Obviously that example is extremely stupid/goofy, I’m just trying to use hyperbole to convey the point here. Does anyone know if there’s a name for that logical fallacy?? I don’t know how to describe it better
Forced teaming is an effective way to establish premature trust because a we’re-in-the-same-boat attitude is hard to rebuff without feeling rude. Sharing a predicament, like being stuck in a stalled elevator or arriving simultaneously at a justclosed store will understandably move people around social boundaries. But forced teaming is not about coincidence; it is intentional and directed, and it is one of the most sophisticated manipulations. The detectable signal of forced teaming is the projection of a shared purpose or experience where none exists: “Both of us;” “we’re some team;” “how are we going to handle this?;” “now we’ve done it,” etc.

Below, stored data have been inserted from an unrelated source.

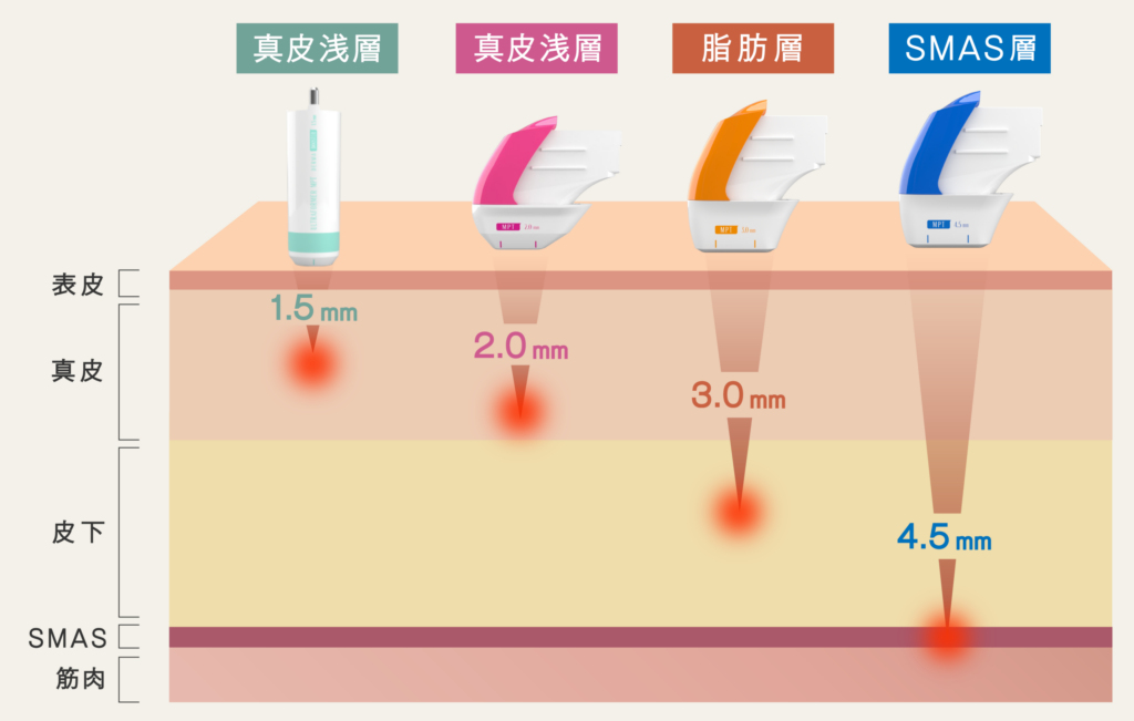 ウルトラフォーマーMPTは、カートリッジの種類を変えることで真皮層、皮膚組織、SMAS筋に選択的にアプローチが可能です。当院では、4種類のカートリッジ(1.0mm/2.0mm/3.0mm/4.5mm)で、超音波(ハイフ)を皮膚に照射し、皮膚組織内で熱凝固作用を起こし、コラーゲン生成および再生を促します。
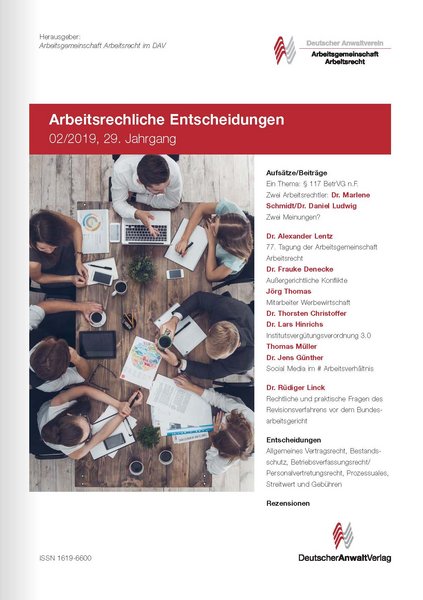 Viermal jährlich bietet die Mitgliederzeitschrift der Arbeitsgemeinschaft Arbeitsrecht im DAV aktuelle Informationen zu interessanten Fragen des Arbeitsrechts. Den Schwerpunkt der Zeitschrift bildet ein umfangreicher Überblick über aktuelle Entscheidungen; praxisorientierte Beiträge und Mitteilungen ergänzen das Angebot.
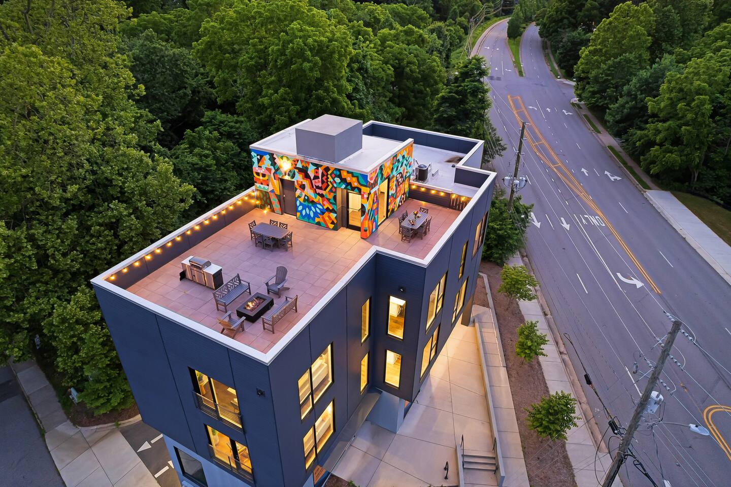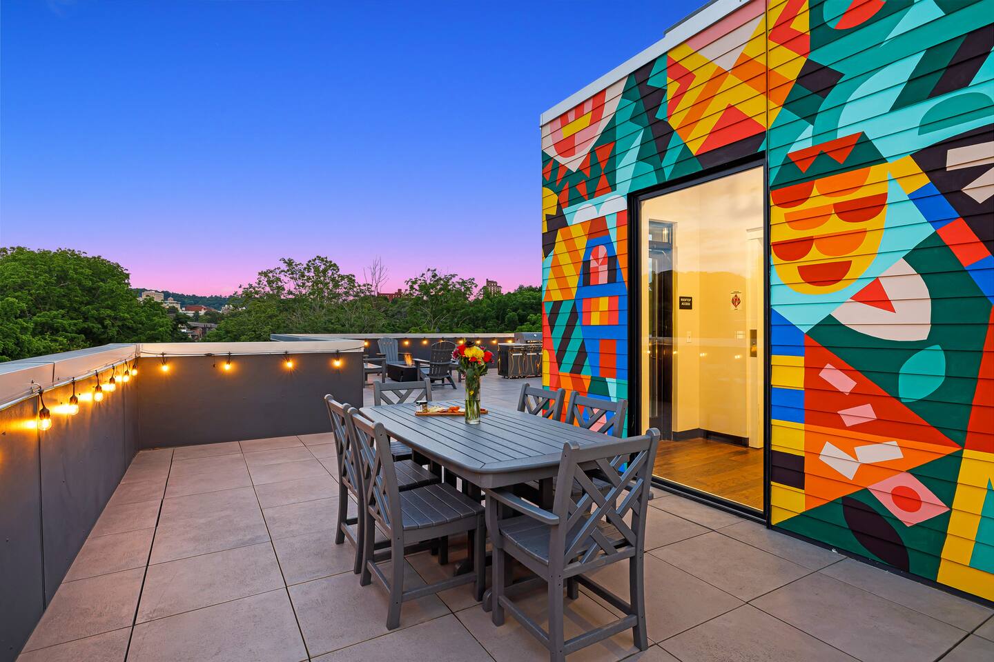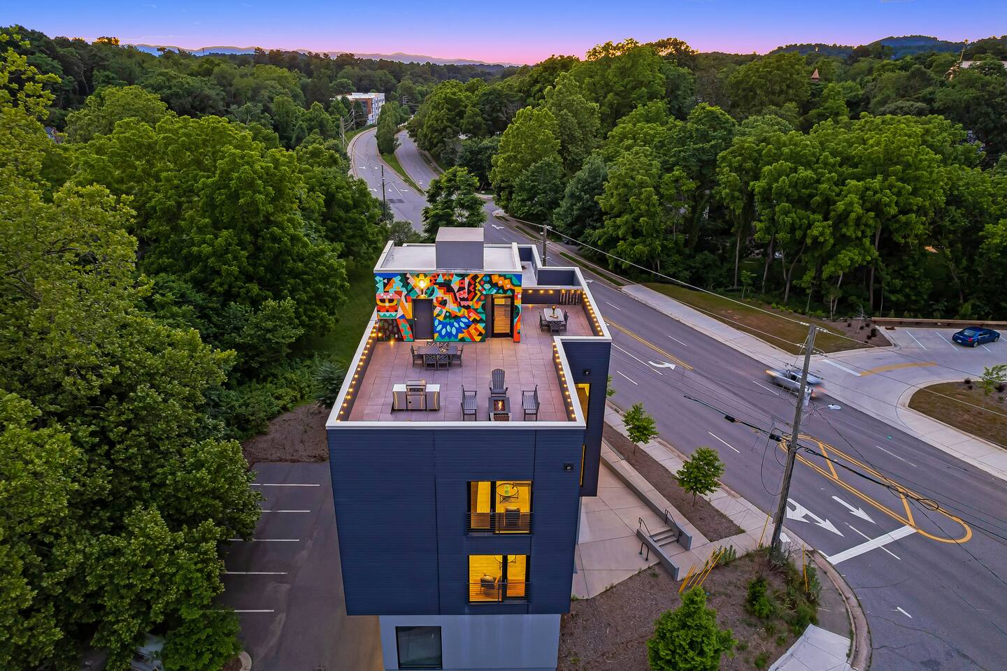Welcome to the Kingfisher Suite at @PerchAVL! Ideal for families and friends; style and location collide in this newly constructed loft within walking distance of downtown Asheville, NC. At The Perch, Asheville’s famous murals don’t stop on the street—your suite is packed with pops of color and around the property you’ll see hand-painted murals and art from Wyatt Grant. Warm Evenings can be spent on the rooftop deck boasting city views, a firepit, gas grills, and ample seating for cookouts.
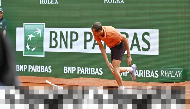 - Medvedev frustrasi dan menunjukkan emosi dengan tindakan membanting raket.
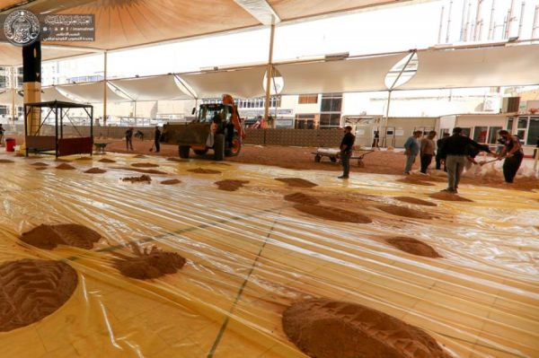 وتابع ” تم تغطية المساحة المخصصة لإقامة الشعائر الحسينية ( رفع المشاعل) والتي بلغت ما يقارب 3 آلاف متر مربع ، بكميات كبيرة من النايلون والرمل الناعم وذلك لحماية المعزين والمشاركين مع الحفاظ على أرضية الصحن الشريف من التلف والأضرار المصاحبة “.

David Mamet’s film House of Games is a wonderful exploration of cons and con artists that shows forced teaming at work. A young soldier enters a Western Union office late one evening; he is anxious about whether the money he needs for a bus ticket will arrive there before Western Union closes. Another man is there, apparently in the same predicament. The two commiserate while waiting, and then the man tells the soldier, “Hey, if my money comes in first, I’ll give you whatever amount you need. You can send it to me when you get back to the base.” The soldier is moved by this kindness, but the stranger brushes it off, saying, “You’d do the same for me.” In fact, the stranger is not in the same boat, is not expecting any money to be wired. He is a con artist. Predictably, the soldier’s money is the only to arrive, and when the Western Union office closes, he insists that the stranger accept some of his cash. The best cons make the victim want to participate.
Kelly did not consciously recognize what her intuition clearly knew, so she couldn’t apply the simple defense for forced teaming, which is to make a clear refusal to accept the concept of partnership: “I did not ask for your help and I do not want it.” Like many of the best defenses, this one has the cost of appearing rude. Kelly now knows it is a small cost, comparatively speaking.
(From The Gift of Fear, by Gavin de Becker)
So essentially, yes, what you're describing is forced teaming, a manipulative tactic used by abusers and con artists to establish the impression of a shared predicament where none exists.
The appropriate response is: "We never asked for your help and we do not need it." Reject any attempt from them at trying to frame your situation as shared in any way.